SENATE BILL REPORT

                   SB 6444

              As Reported By Senate Committee On:

      Financial Institutions & Housing, January 30, 1996

 

Title:  An act relating to mobile home parks.

 

Brief Description:  Assisting mobile home park residents.

 

Sponsors:  Senators Fraser, Prentice, Schow, Goings, Franklin and McAuliffe.

 

Brief History:

Committee Activity:  Financial Institutions & Housing:  1/25/96, 1/30/96 [DP-WM].

 

SENATE COMMITTEE ON FINANCIAL INSTITUTIONS & HOUSING

 

Majority Report:  Do pass and be referred to Committee on Ways & Means.

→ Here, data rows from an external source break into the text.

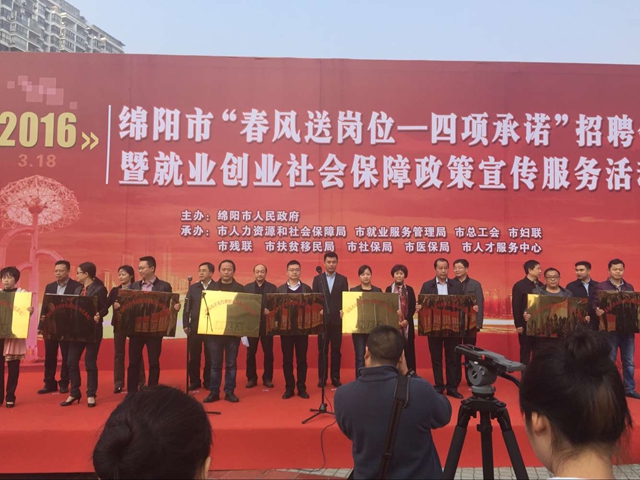 3月18日上午,江油科技孵化園受邀參加由綿陽市人民政府主辦,市人社局、扶貧移民局、總工會(huì)、婦聯(lián)、殘聯(lián)、就業(yè)局、社保局、人才服務(wù)中心等單位聯(lián)合承辦的“春風(fēng)送崗位—四項(xiàng)承諾”招聘會(huì)暨就業(yè)創(chuàng)業(yè)社會(huì)保障政策宣傳服務(wù)活動(dòng)在市人民公園文化廣場舉行。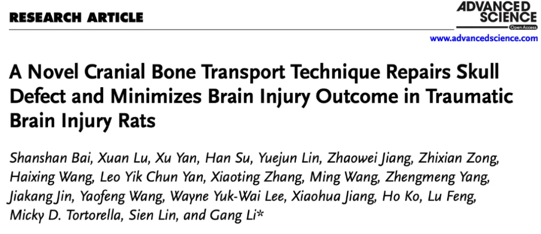 近期,中国科研实验室深圳先进技术研究院生物医药与技术研究所李刚研究员联合香港中文大学医学院在CBT治疗TBI大鼠模型的研究方面取得了重要突破性进展,相关成果以"A novel cranial bone transport technique repairs skull defect and minimizes brain injury outcome in traumatic brain injury rats"为题,发表在国际权威期刊Advanced Science上。
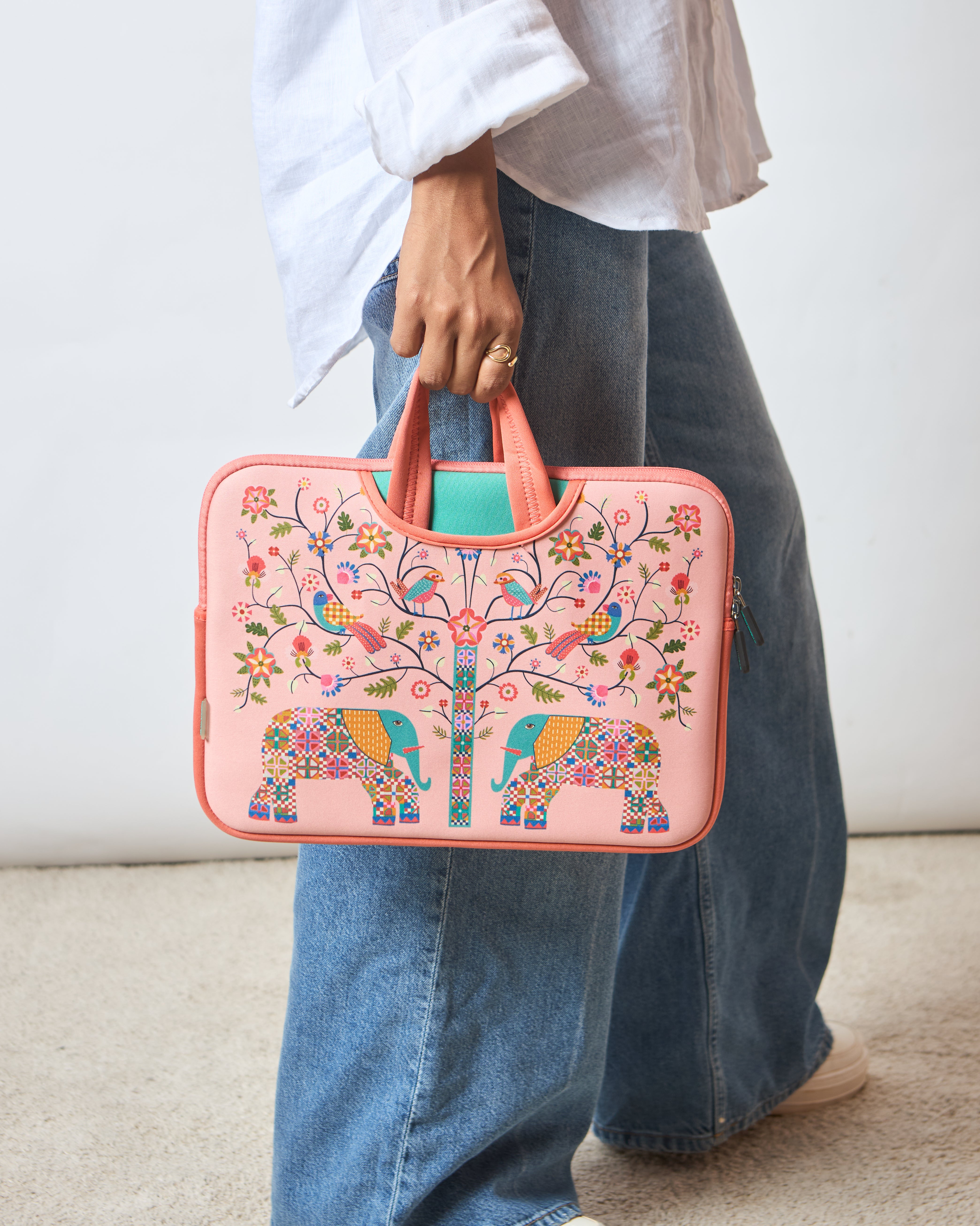 A celebration of craft and color, this sleeve brings patchwork-inspired patterns to life through vibrant elephant motifs. Blending folk artistry with modern function, it keeps your laptop safe while adding a touch of cultural charm to your everyday.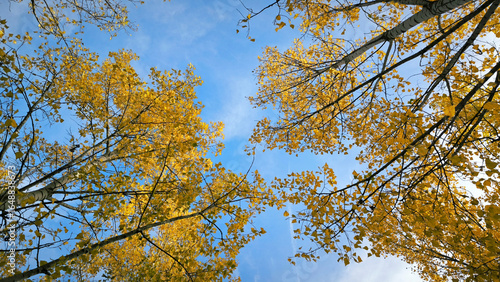 Obraz premium poplar trees with golden autumn leaves in sunlight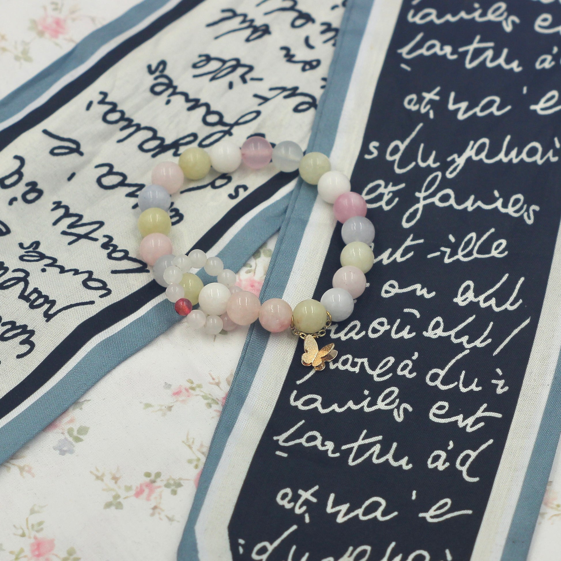 This multi-colored Morganite bracelet radiates softness and joy with its delicate blend of pastel natural stones — blush pink, creamy yellow, light green, lavender, and milky white. Each 8mm gemstone bead is unique, creating a beautifully balanced and feminine look.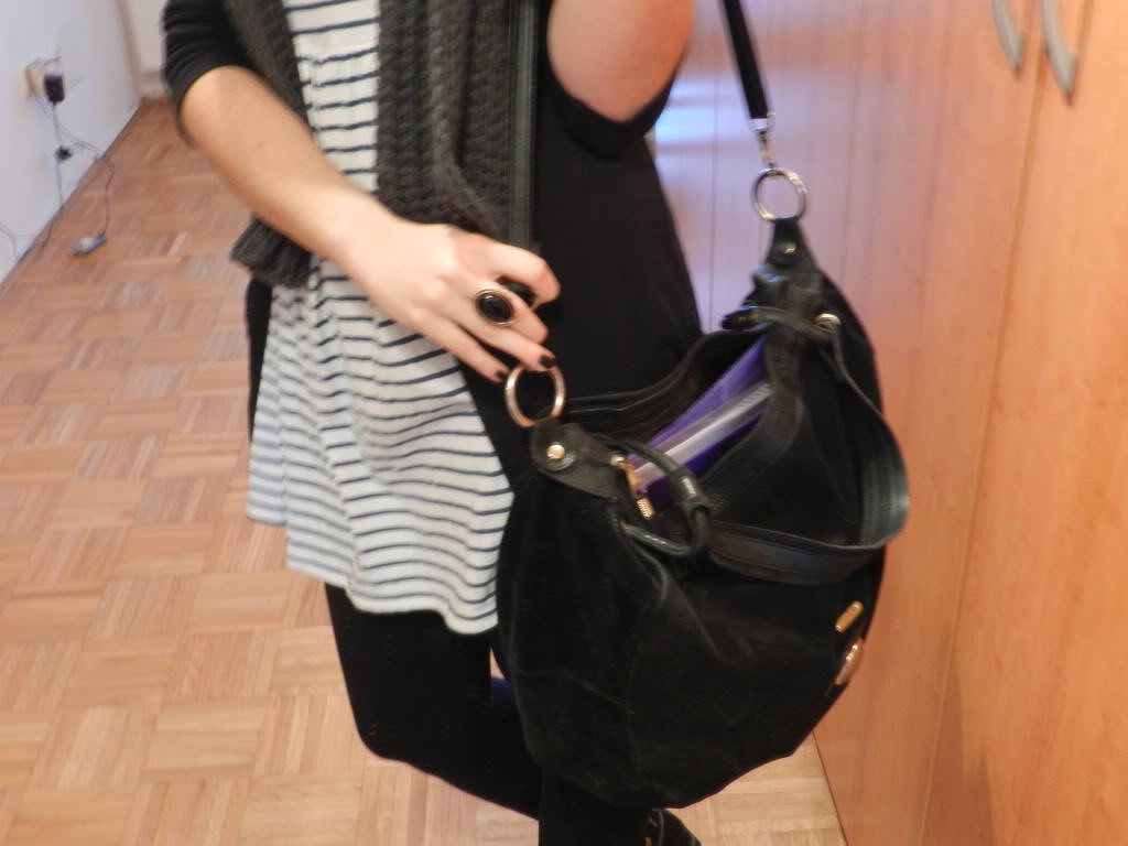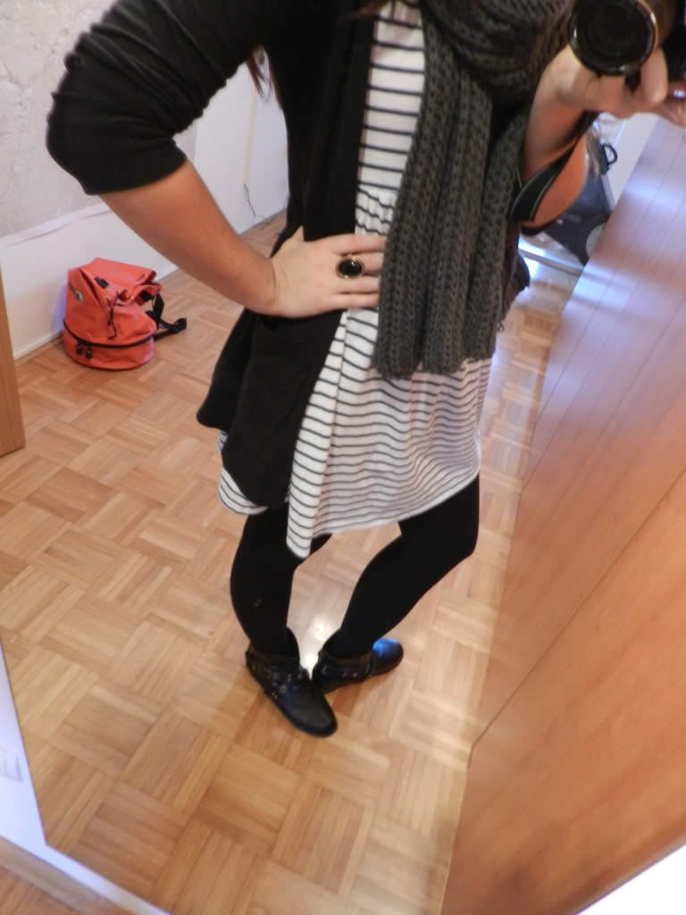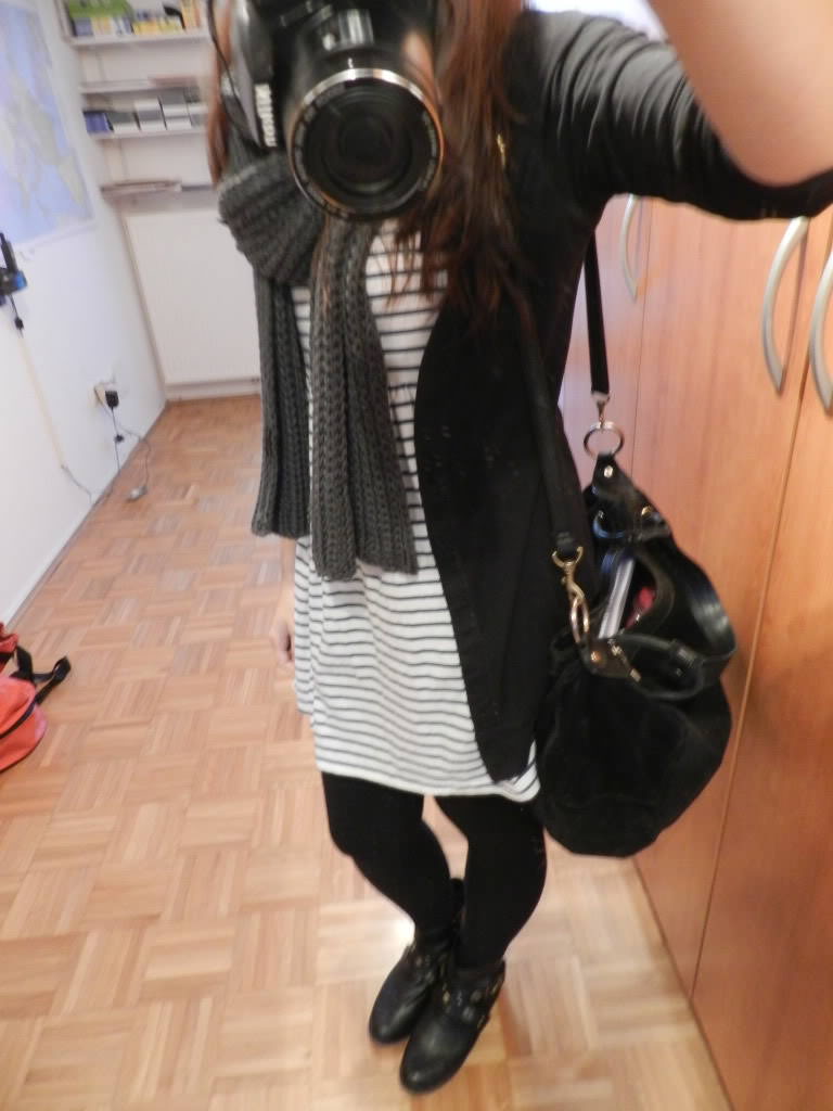 Dress – Topshop, Leggings, Cardigan, Ring, Scarf – H&M, Bag – vintage, Boots – Nelly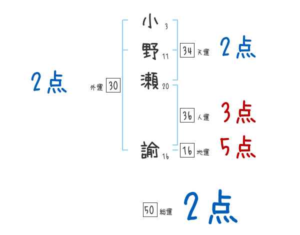 総運![]() | 小野瀬諭さんの総運は50画の2つ星!浮き沈みが激しく不安定。しりすぼみに衰退しやすいので注意しましょう。 あなたの人生を表す1番重要な運勢です。生涯を通じて影響する総合運となり、主に50歳以降の晩年期に影響を及ぼします。 |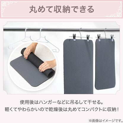 使用後はハンガーなどに吊るして干しておける。軽くてやわらかいので乾燥後は丸めてコンパクトに収納できて、脱衣所のスペースを有効活用!生活感を隠せて見た目もすっきり。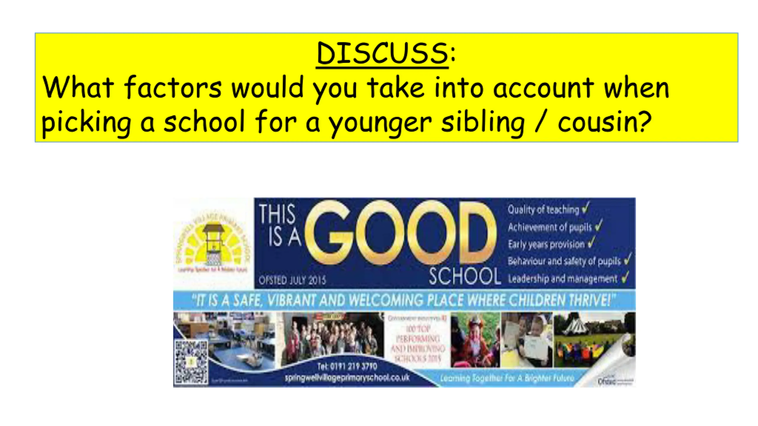 DISCUSS: What factors would you take into account when picking a school for a younger sibling / cousin?
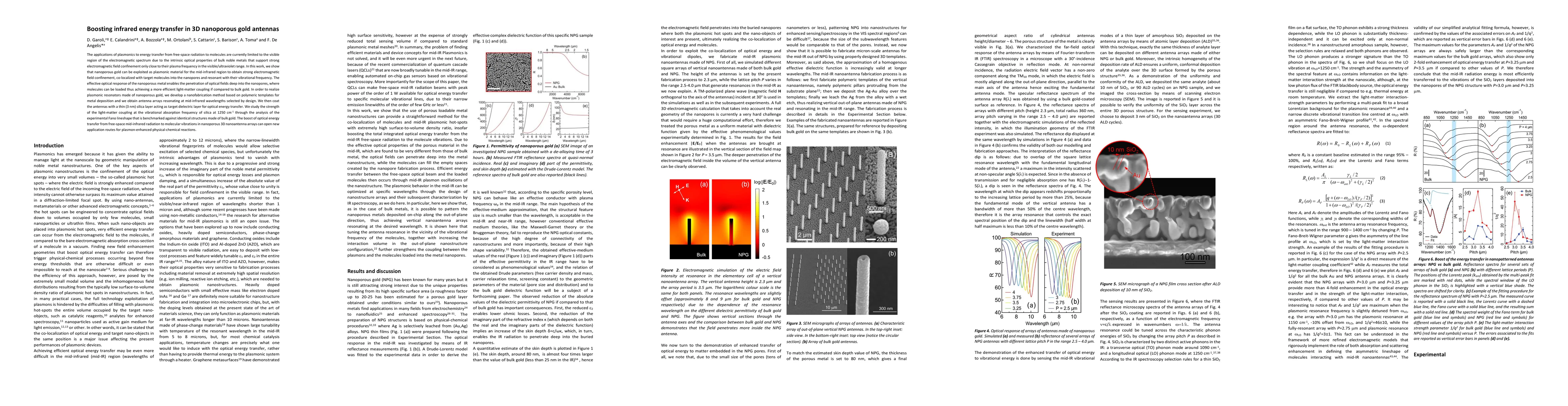 This paper demonstrates that nanoporous gold can serve as an effective plasmonic material for mid-infrared energy transfer, achieving enhanced light-matter coupling compared to bulk gold. The researchers developed a nanofabrication method to create 3D nanoantenna arrays that exhibit strong electromagnetic field confinement and improved energy transfer efficiency at mid-infrared wavelengths.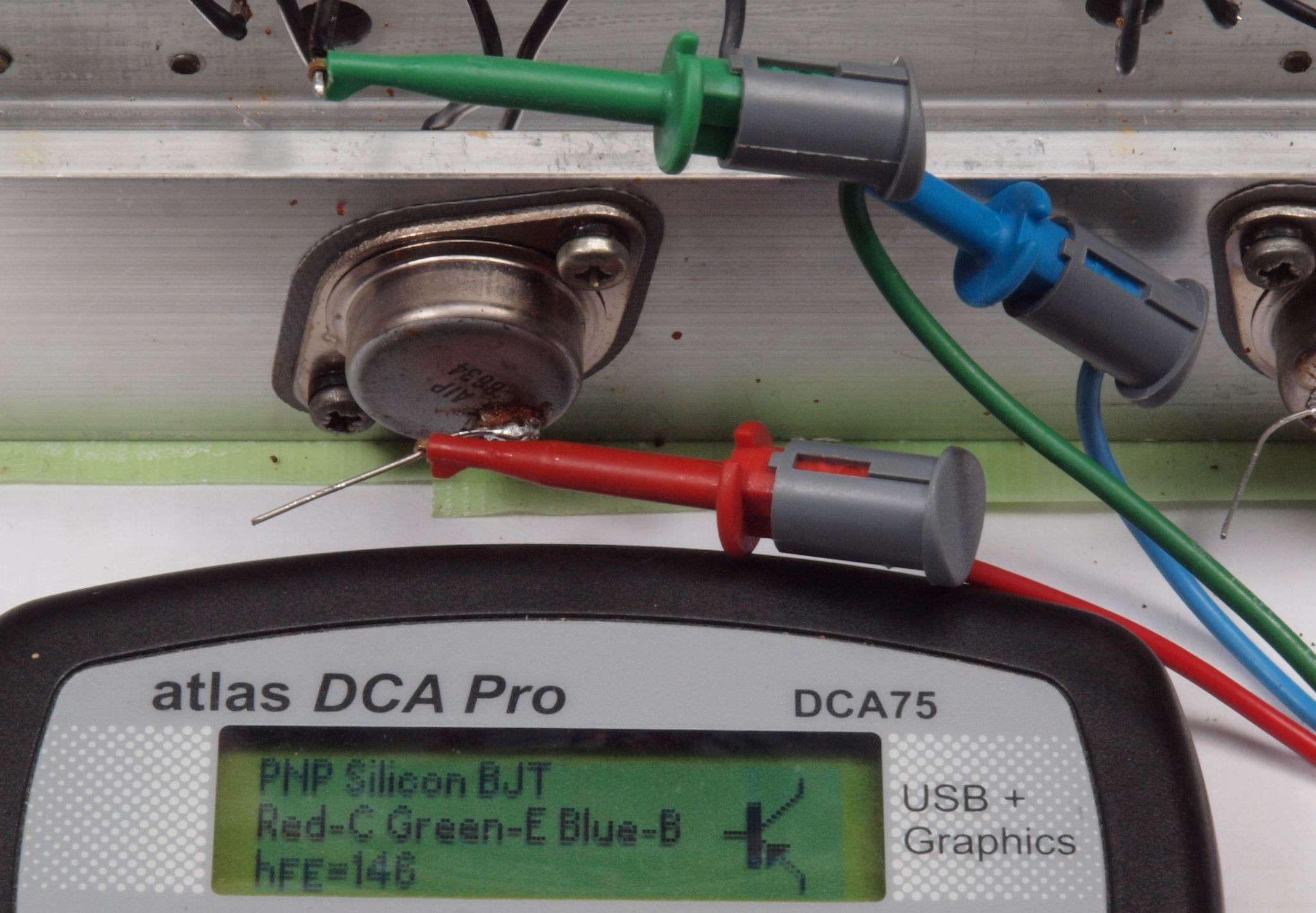 | T5. 修理中 「L側終段2SC−TR(トランジスター)測定、hfe=70」と交換するTR(トランジスター)測定hfe=156。 | ||||||||||||||||||||

  Signed by Senators Prentice, Chair; Fraser, Vice Chair; Hale, Sellar and Smith.

 

Staff:  Traci Ratzliff (786-7452)

 

Background:  The Mobile Home Relocation Act re-enacted by the Legislature in 1995, provides relocation assistance to tenants of mobile home parks scheduled for closure or conversion to another use.  The Department of Community, Trade, and Economic Development (DCTED) administers this program.

 

Over the years the Legislature has established various fees to provide a source of funding for this program.  In 1989, the Legislature authorized an annual $10 fee to be paid by mobile park homeowners that was deposited in the mobile home park relocation fund (MHPRF). In 1990, this fee was repealed and replaced with a $50 fee on the transfer or elimination of a mobile home title.  This fee expired on July 1, 1992.  A $5 fee on mobile home park owners for each occupied lot in a mobile home park was also established by the Legislature in 1991.  This fee was never collected because a lawsuit was filed challenging its constitutionality.  The State Supreme Court did, in fact, declare this fee unconstitutional in 1993.  There is no current funding source for the Relocation Assistance Program.  There is approximately $915,250 in the MHPRF.

 

The mobile home park purchase fund (MHPPF) was created by the Legislature in 1987. Monies from this fund can be used to provide loans to tenant organizations interested in purchasing a mobile home park.  Loans can be made to tenant or resident organizations in which a significant portion are low-income or infirm.  Such entities must include two-thirds of the households residing in the mobile home park at the time of the request for assistance to purchase the park.  Loans may also be made to low-income residents of mobile home parks converted or being converted to resident ownership.  The maximum loan term is 30 years.  DCTED is charged with administering this program.  DCTED is authorized to provide technical assistance to residents desiring to purchase a mobile home park. The MHPPF has never been funded.

 

Summary of Bill:  $5 million is appropriated from the general fund to the mobile home park relocation fund.  $20 million is appropriated from the general fund to the mobile home park purchase fund to provide loans and technical assistance to residents interested in purchasing a mobile home park.

 

The Department of Community, Trade, and Economic Development is required to provide annual reports concerning the expenditures of funds from these accounts to the Senate Ways and Means Committee and the House Appropriations Committee.

 

$40,000 is appropriated from the general fund to the Attorney General's office for the development and distribution of pamphlets that provide information on mobile home park tenant and park owner's rights, responsibilities and remedies under the Mobile Home Landlord-Tenant Act.  

 

Appropriation:  $5 million is appropriated from the general fund to the mobile home park relocation fund; $20 million dollars is appropriated from the general fund to the mobile home park purchase fund; $40,000 is appropriated from the general fund to the Attorney General's office.

 

Fiscal Note:  Requested on January 18, 1996.

 

Effective Date:  Ninety days after adjournment of session in which bill is passed.

 

Testimony For:  Providing funding for these two programs is crucial in the effort to assist tenants of mobile home parks that are facing possible relocation because a park is being sold or could potentially be sold.

 

Testimony Against:  None.

 

Testified:  Terri Ramsauer, Office of Manufactured Housing, Dept. of Community, Trade, and Economic Development; PRO:  Arnold Livingstone, Senior Lobby; Doug Clark, mobile home owner; Ray Munson, Mobile Home Owners of America; Epaphroditas Elkahan, Low Income Housing Institute; Donna Regan, Candlewood Manor Homeowners Assn.; Theresa Boster, Manufactured Housing Communities.